Having a larger heap space will mean that Neo4j can handle larger transactions and more concurrent transactions. A large heap space will also make Neo4j run faster since it means Neo4j can fit a larger portion of the graph in its caches, meaning that the nodes and relationships your application uses frequently are always available quickly. The default heap size for a 32bit JVM is 64MB (and 30% larger for 64bit), which is too small for most real applications.

Neo4j works fine with the default stack space configuration, but if your application implements some recursive behavior it is a good idea to increment the stack size. Note that the stack size is shared for all threads, so if you application is running a lot of concurrent threads it is a good idea to increase the stack size.

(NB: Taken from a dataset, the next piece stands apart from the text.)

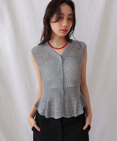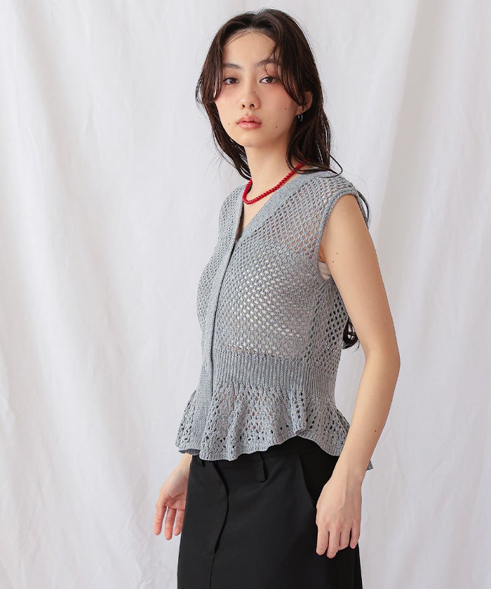 透かし編みノースリペプラムニット【miette ミエット】【メール便可/100】

  • The heap size is set by specifying the -Xmx???m parameter to hotspot, where ??? is the heap size in megabytes.
    Default heap size is 64MB for 32bit JVMs, 30% larger (appr. 83MB) for 64bit JVMs.
  • The stack size is set by specifying the -Xss???m parameter to hotspot, where ??? is the stack size in megabytes.
    Default stack size is 512kB for 32bit JVMs on Solaris, 320kB for 32bit JVMs on Linux (and Windows), and 1024kB for 64bit JVMs.

When running Neo4j on Windows the size of the memory-mapped nioneo configurations need to be added to the heap size parameter. On Linux and Unix-systems memory mapped IO is not included in the heap size.

Most modern CPUs implement a Non-Uniform Memory Access (NUMA) architecture, where different parts of the memory have different access speeds. Suns Hotspot JVM is able to allocate objects with awareness of the NUMA structure as of version 1.6.0 update 18. When enabled this can give up to 40% performance improvements. To enabled the NUMA awareness, specify the -XX:+UseNUMA parameter.

[edit] Guidelines for heap size

This table is a guideline for how much memory to assign to various parts of the system for a web application using Neo4j, running on server hardware with mechanical disks.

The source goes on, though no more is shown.